Former President of Burkina Faso, Thomas.
A long-awaited trial in Burkina Faso over the 1987 assassination of revolutionary leader Thomas Sankara can resume after the ruling junta restored the constitution, a military court ruled on Monday.
The trial of Sankara’s alleged killers will resume on Wednesday. It was due to restart in the capital Ouagadougou on Monday but was suspended after civil parties said it should not go ahead pending “judicial normalisation” by the junta.
“We do not want a trial (with) flaws,” lawyer Prosper Farama, representing the Sankara family, said earlier.
The trial opened last October and has been closely followed by the Burkinabe public.
It has been showcased as the chance to shed light on one of the murkiest chapters in the troubled country’s history.
Revered among African radicals, Sankara was an army captain aged just 33 when he came to power in a coup in 1983.
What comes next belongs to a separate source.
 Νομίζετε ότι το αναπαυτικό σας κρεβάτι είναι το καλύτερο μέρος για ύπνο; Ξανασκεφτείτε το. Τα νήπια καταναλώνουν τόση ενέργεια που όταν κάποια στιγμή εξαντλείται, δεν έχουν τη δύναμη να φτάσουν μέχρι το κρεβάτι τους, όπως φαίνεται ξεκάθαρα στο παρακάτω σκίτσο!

The fiery Marxist-Leninist railed against imperialism and colonialism, often angering Western leaders but gaining followers across the continent and beyond.
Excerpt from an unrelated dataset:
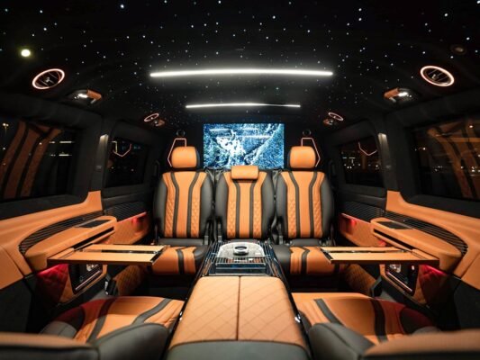 Moreover, we utilize hand-selected materials such as Genuine NAPPA leather and Alcantara, alongside advanced features like Smart TVs, wireless routers, and a smart vehicle control system. As a result, we ensure that your Vito Luxury Van reflects the pinnacle of luxury. Whether you are aiming to enhance your business travel experience with a sophisticated mobile office setup or are looking to create a lavish, relaxing space for personal use, our team of expert designers and craftsmen is unequivocally dedicated to exceeding your expectations![]()

He and 12 of his colleagues were gunned down by a hit squad on October 15, 1987, at a meeting of the ruling National Revolutionary Council.
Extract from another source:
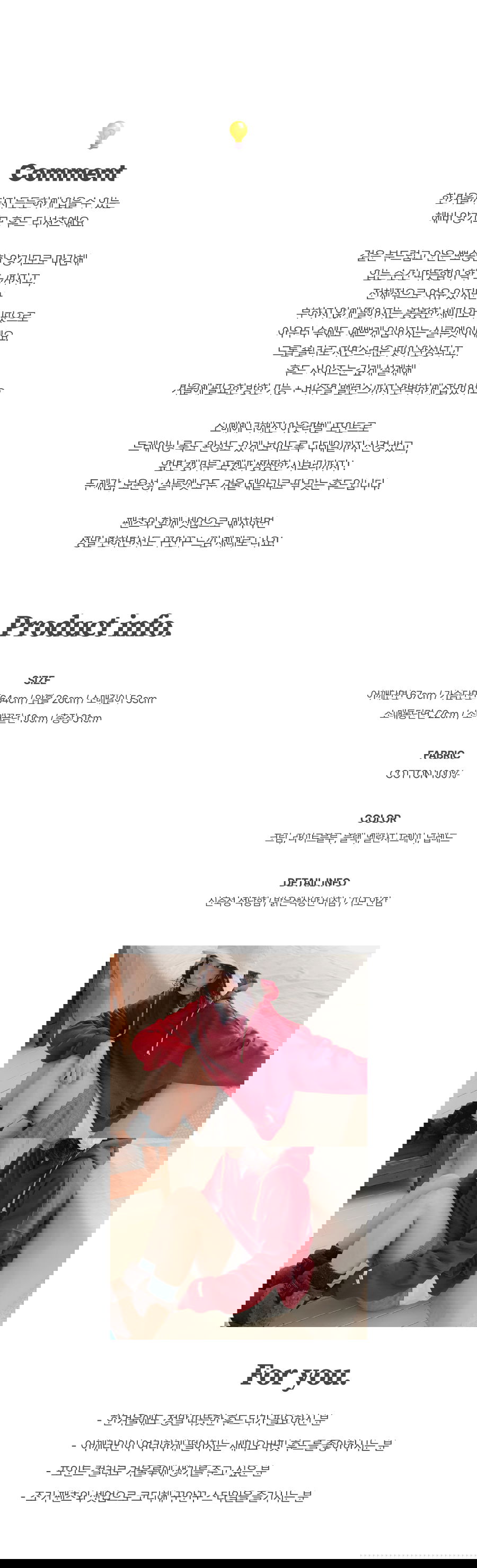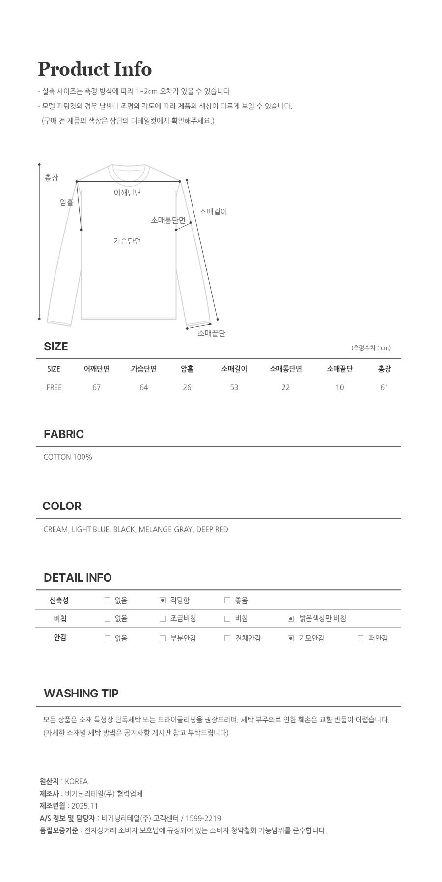 · Dry cleaning is recommended for the first wash of all clothes, please start wearing after washing.

Their assassination coincided with a coup that brought Sankara’s erstwhile comrade-in-arms, Blaise Compaore, to power.
Compaore ruled for 27 years before being deposed by a popular uprising in 2014 and fleeing to the neighbouring Ivory Coast.
Fourteen defendants are on trial, two of them in absentia, including Compaore.
Compaore and his former right-hand man General Gilbert Diendere are charged with harming state security, complicity in murder, concealing bodies and witness tampering.
Compaore has repeatedly denied entrenched suspicions among Burkinabe that he ordered Sankara’s killing, while Diendere has pleaded not guilty.
On January 24, mutinous soldiers overthrew Compaore’s elected successor, Roch Marc Christian Kabore, amid rising public anger at his failure to stem a bloody jihadist insurgency.